Work instructions: Please give every line below again exactly, but not its pictures.

Recorded information:
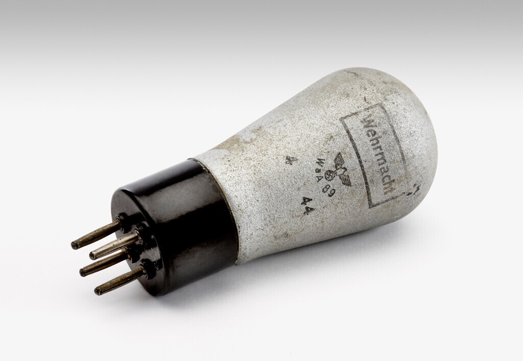 Een Duitse radiobuislamp met opschrift: "Wehrmacht Wa A 89 44". fabrikaat "Telfunken (RES 094)". Opdruk van een swastika.
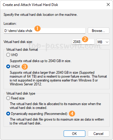 顯示該磁盤上存在的所有捲。您需要知道要存儲 VHD 文件的驅動器號。create vdisk file=c:\win8.vhd maximum=10000 type=expandable
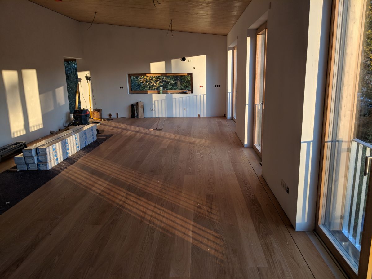 Eine Fußbodenheizung im Trockenestrich verteilt die Wärme im ganzen Haus über eine große Fläche mit niedriger Temperatur. Die Einzelraumregelung wird dabei nicht genutzt.
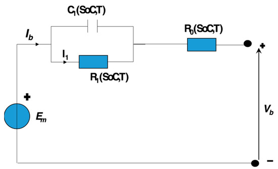 In this study, the employed dataset is generated by using the high-power Li-ion battery model presented in [18]. For reliable numerical modeling of batteries, equivalent circuit modeling (ECM) is a known technique [11]. As per [19], a single resistance-capacitance (RC) block is adequate to characterize all of the Li-ion cell’s dynamic properties. Therefore, in this work, a similar cell model is parametrized and used. Parameters are calculated by using the procedure described in [18]. The model elements are shown in Figure 2.

Exercise solution:
 Een Duitse radiobuislamp met opschrift: "Wehrmacht Wa A 89 44". fabrikaat "Telfunken (RES 094)". Opdruk van een swastika.
 顯示該磁盤上存在的所有捲。您需要知道要存儲 VHD 文件的驅動器號。create vdisk file=c:\win8.vhd maximum=10000 type=expandable
 Eine Fußbodenheizung im Trockenestrich verteilt die Wärme im ganzen Haus über eine große Fläche mit niedriger Temperatur. Die Einzelraumregelung wird dabei nicht genutzt.
 In this study, the employed dataset is generated by using the high-power Li-ion battery model presented in [18]. For reliable numerical modeling of batteries, equivalent circuit modeling (ECM) is a known technique [11]. As per [19], a single resistance-capacitance (RC) block is adequate to characterize all of the Li-ion cell’s dynamic properties. Therefore, in this work, a similar cell model is parametrized and used. Parameters are calculated by using the procedure described in [18]. The model elements are shown in Figure 2.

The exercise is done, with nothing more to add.